Sex is kicking death in the ass while singing

А в жизни было кое-что хорошее, с чем Буковски познакомился не сразу. Один из самых известных бабников американской литературы лишился девственности в двадцать четыре года. В одном из баров, распалившись алкоголем, он влюбился в стокилограммовую проститутку, привёл её домой, сдал экзамен по мужской состоятельности и сломал кровать своими стараниями. Проснувшись, он по привычке жизни в ночлежках стал искать бумажник, а не найдя его, обвинил новоиспечённую любовницу в краже и выставил её за дверь. Позже бумажник нашёлся, Буковски «устыдился своей клеветы», но так и не смог найти свою первую женщину, чтобы извиниться.

Впоследствии у писателя было много женщин: чем старше он становился, тем большую известность приобретали его книги. После выхода в 1978 году романа «Женщины» почти шестидесятилетний Буковски стал объектом паломничества для многих поклонниц, которые хотели как минимум переспать с великим знатоком жизни (лишь немногие хотели остаться подольше с этим сумасшедшим). Они приезжали без предупреждения, прямо к его двери, от совсем юных и светящихся до таких же истрёпанных и замученных, как он сам. Те, что не могли приехать, вступали с Буком в нежную переписку. Из этого обмена письмами у Хэнка, бывало, вырастали долгосрочные полуроманы-полудружбы, дававшие повод к новым и новым опусам о женщинах.

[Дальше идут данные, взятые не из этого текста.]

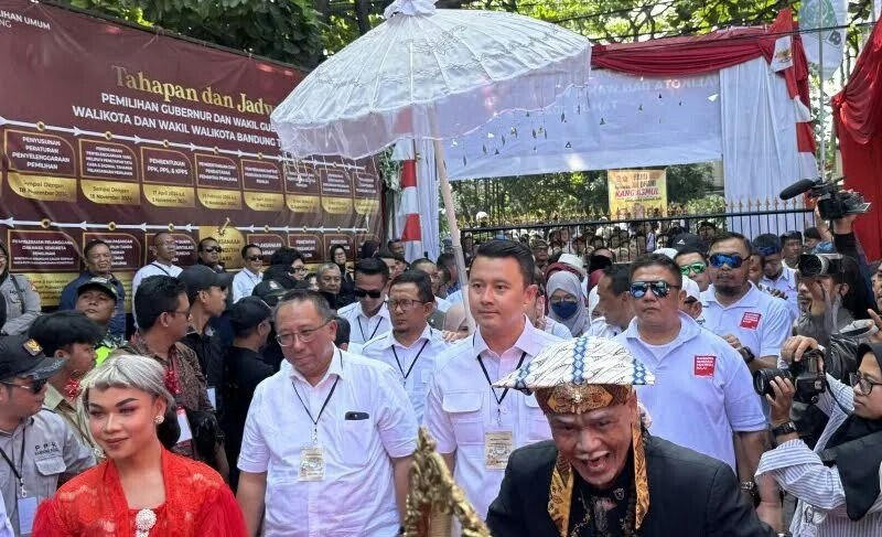Calon wali kota dan wakil wali kota Bandung Haru Suandharu dan Dhani Wirianianata diantar menggunakan delman bersama pimpinan partai politik untuk menyerahkan berkas pendaftaran Pilkada ke KPU Kota Bandung.

Просто большинство женщин, с которыми я сталкивался, были не подарочек… Господи, однажды я отправился повидать одну даму, и возле её дома меня поймала моя подруга, принялась визжать, а потом исчезла. Сначала у меня в сумке всё пиво перебила, разбила бутылку виски, металась взад-вперёд по улице — целую пинту виски расколола, шестнадцать или восемнадцать бутылок пива. Пару проглядела, но, когда я сметал стекло с тротуара, подымаю голову — шум какой-то. А это она загнала машину на тротуар и пытается меня переехать. Вот же любовь…

Буковски соревновался со своими женщинами в юродстве, в умении выпивать и устраивать скандалы. Большинство своих любовниц он описал в романах и стихах — пьянчужки, практикующие промискуитет, действующие на нервы, заставляющие ревновать и откровенно стервозничающие. Но писатель видел в этом безумии саму жизнь: кажется, что человек, который не сходит с ума, — просто мёртв внутри. Его любовь к сумасшедшим дамам облагораживает и возносит склоку до уровня поэзии, в припадках страсти и в спокойных бытовых сценах раскрывается светлая сторона любовной связи. Ради моментов ясности и умиротворения рядом с внезапно спокойной любовницей и возможности вдохнуть запах её свежевымытых волос стоит терпеть девяносто процентов хаоса и вампиризма. Чем неожиданнее и беспощаднее женщина, тем ценнее моменты нежности.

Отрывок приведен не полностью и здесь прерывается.